[[ RECORDS FOR THE TASK open ]]

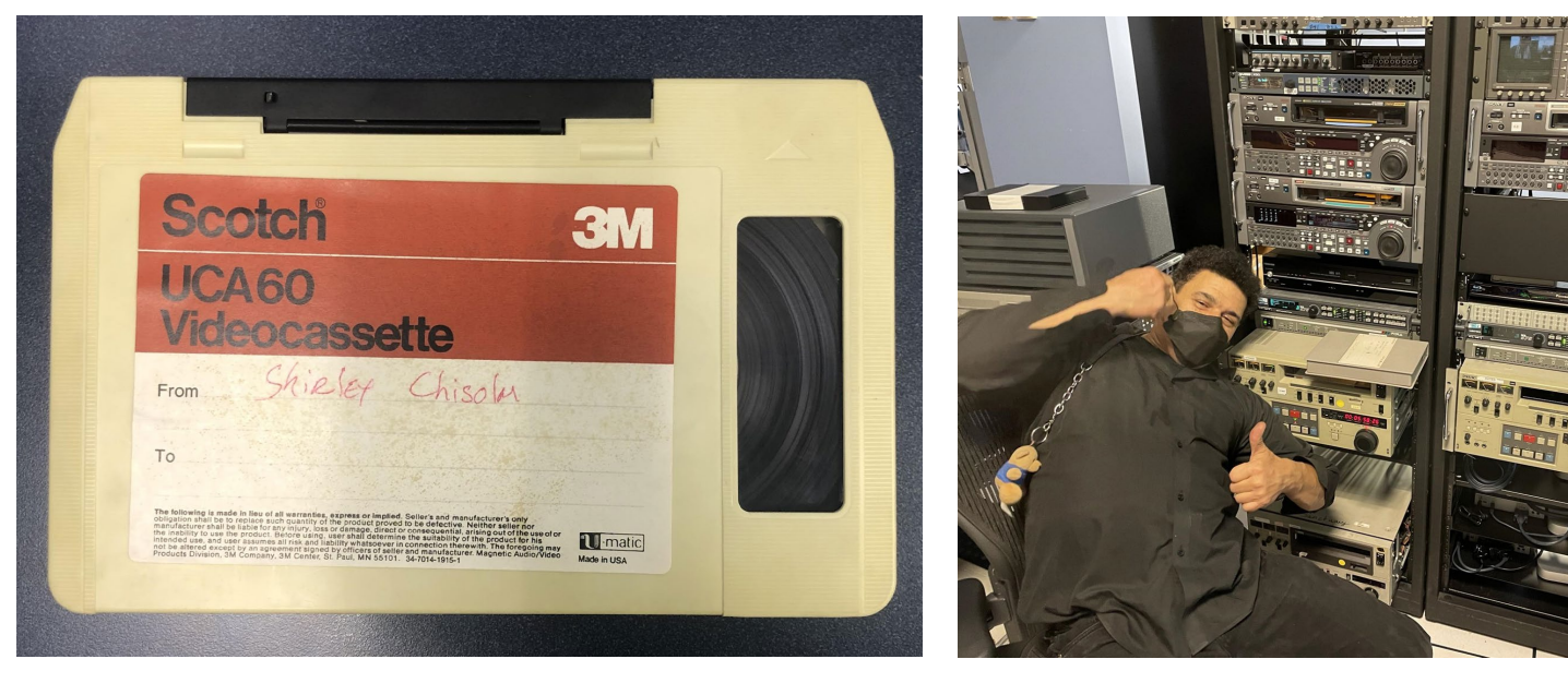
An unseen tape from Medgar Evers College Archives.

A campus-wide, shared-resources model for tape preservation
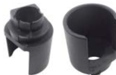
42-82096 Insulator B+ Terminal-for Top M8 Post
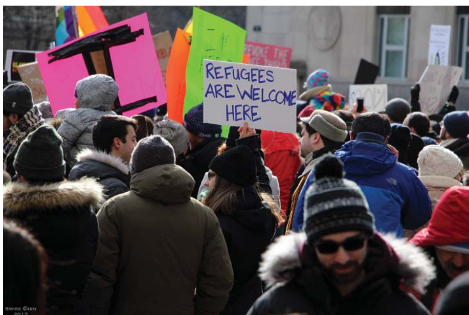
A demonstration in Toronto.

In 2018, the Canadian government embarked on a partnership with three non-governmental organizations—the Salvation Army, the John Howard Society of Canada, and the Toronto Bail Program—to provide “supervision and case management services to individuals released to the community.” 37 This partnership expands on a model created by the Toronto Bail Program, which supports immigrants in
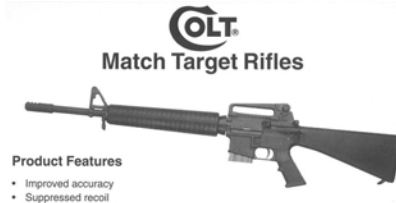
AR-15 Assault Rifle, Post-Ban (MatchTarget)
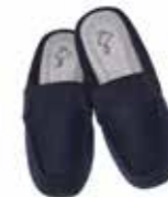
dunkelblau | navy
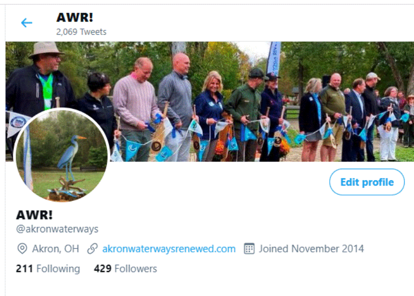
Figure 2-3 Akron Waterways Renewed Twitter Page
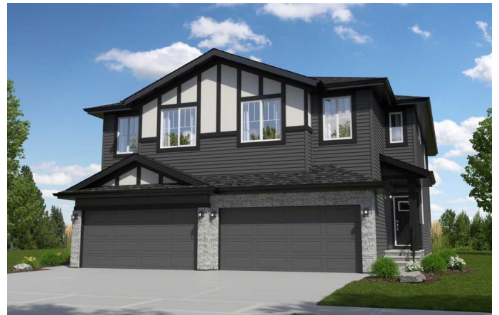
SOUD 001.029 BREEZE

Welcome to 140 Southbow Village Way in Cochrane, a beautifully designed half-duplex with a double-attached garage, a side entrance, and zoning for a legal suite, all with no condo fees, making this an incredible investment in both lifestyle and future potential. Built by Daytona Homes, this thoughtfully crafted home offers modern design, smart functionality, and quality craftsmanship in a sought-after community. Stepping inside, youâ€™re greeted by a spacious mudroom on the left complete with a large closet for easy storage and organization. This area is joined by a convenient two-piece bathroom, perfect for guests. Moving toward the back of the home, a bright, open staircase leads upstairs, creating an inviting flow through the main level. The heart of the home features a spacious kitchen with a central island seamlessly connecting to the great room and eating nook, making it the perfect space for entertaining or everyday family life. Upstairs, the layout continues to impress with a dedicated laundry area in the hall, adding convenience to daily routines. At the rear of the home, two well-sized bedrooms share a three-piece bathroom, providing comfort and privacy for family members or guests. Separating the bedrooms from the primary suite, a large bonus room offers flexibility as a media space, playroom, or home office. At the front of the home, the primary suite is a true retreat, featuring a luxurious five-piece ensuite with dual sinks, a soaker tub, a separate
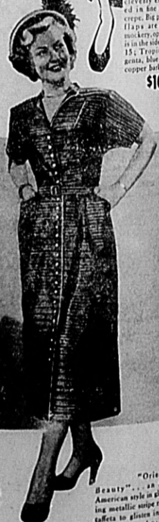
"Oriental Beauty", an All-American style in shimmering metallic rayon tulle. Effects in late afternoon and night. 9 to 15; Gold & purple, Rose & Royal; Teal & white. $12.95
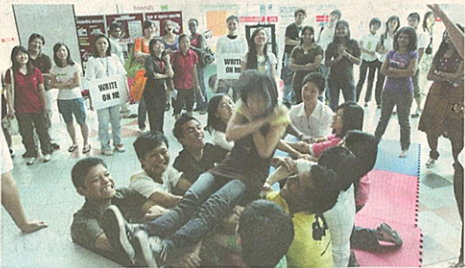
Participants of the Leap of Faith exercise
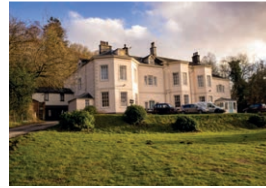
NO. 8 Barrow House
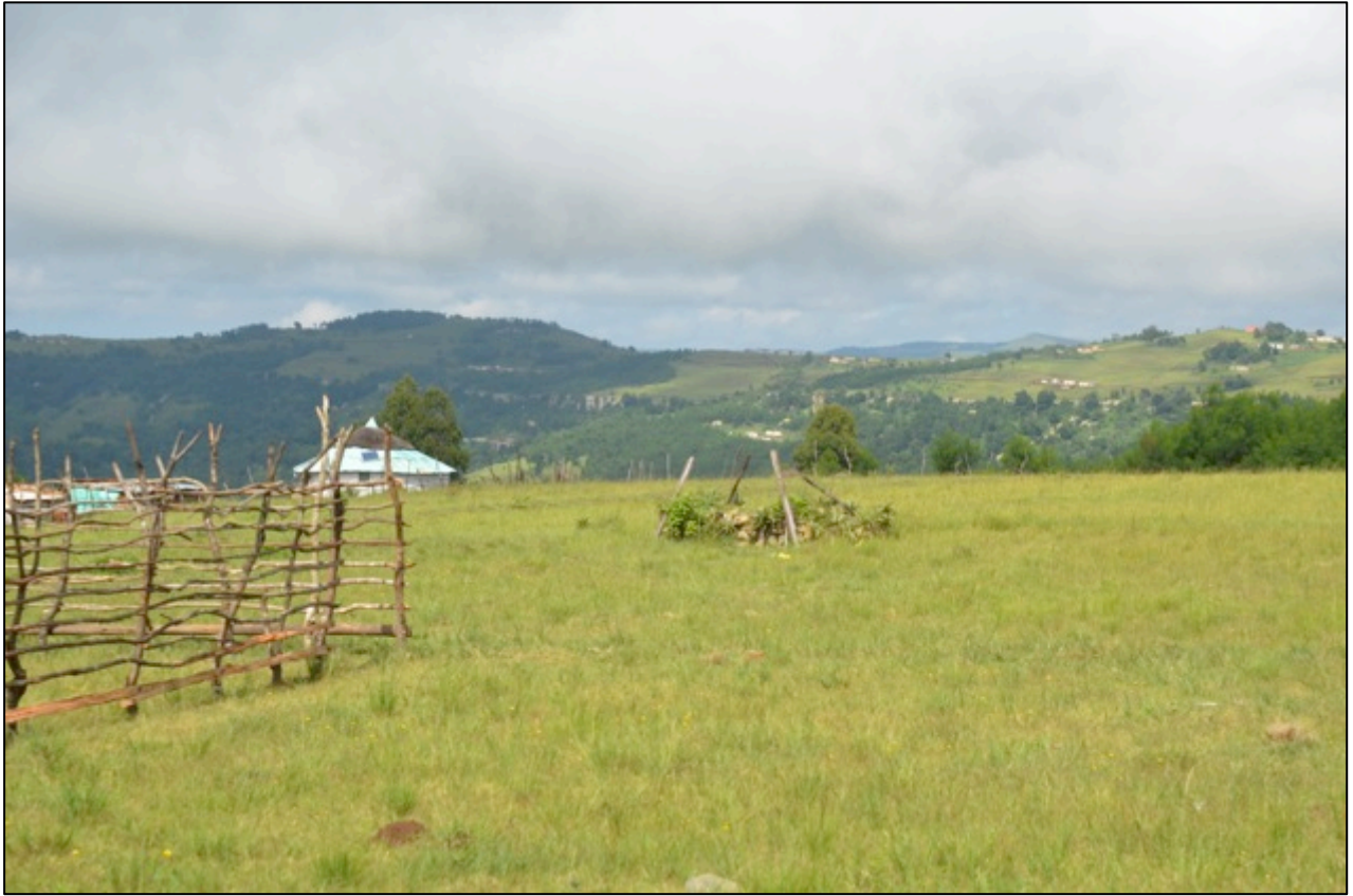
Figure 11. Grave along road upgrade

[[ RECORDS FOR THE TASK closed ]]

THE PROBLEM: Could the lines above be copied out exactly, with no image carried over?

SOLUTION FOR THIS PROBLEM:
An unseen tape from Medgar Evers College Archives.

A campus-wide, shared-resources model for tape preservation
42-82096 Insulator B+ Terminal-for Top M8 Post
A demonstration in Toronto.

In 2018, the Canadian government embarked on a partnership with three non-governmental organizations—the Salvation Army, the John Howard Society of Canada, and the Toronto Bail Program—to provide “supervision and case management services to individuals released to the community.” 37 This partnership expands on a model created by the Toronto Bail Program, which supports immigrants in
AR-15 Assault Rifle, Post-Ban (MatchTarget)
dunkelblau | navy
Figure 2-3 Akron Waterways Renewed Twitter Page
SOUD 001.029 BREEZE

Welcome to 140 Southbow Village Way in Cochrane, a beautifully designed half-duplex with a double-attached garage, a side entrance, and zoning for a legal suite, all with no condo fees, making this an incredible investment in both lifestyle and future potential. Built by Daytona Homes, this thoughtfully crafted home offers modern design, smart functionality, and quality craftsmanship in a sought-after community. Stepping inside, youâ€™re greeted by a spacious mudroom on the left complete with a large closet for easy storage and organization. This area is joined by a convenient two-piece bathroom, perfect for guests. Moving toward the back of the home, a bright, open staircase leads upstairs, creating an inviting flow through the main level. The heart of the home features a spacious kitchen with a central island seamlessly connecting to the great room and eating nook, making it the perfect space for entertaining or everyday family life. Upstairs, the layout continues to impress with a dedicated laundry area in the hall, adding convenience to daily routines. At the rear of the home, two well-sized bedrooms share a three-piece bathroom, providing comfort and privacy for family members or guests. Separating the bedrooms from the primary suite, a large bonus room offers flexibility as a media space, playroom, or home office. At the front of the home, the primary suite is a true retreat, featuring a luxurious five-piece ensuite with dual sinks, a soaker tub, a separate
"Oriental Beauty", an All-American style in shimmering metallic rayon tulle. Effects in late afternoon and night. 9 to 15; Gold & purple, Rose & Royal; Teal & white. $12.95
Participants of the Leap of Faith exercise
NO. 8 Barrow House
Figure 11. Grave along road upgrade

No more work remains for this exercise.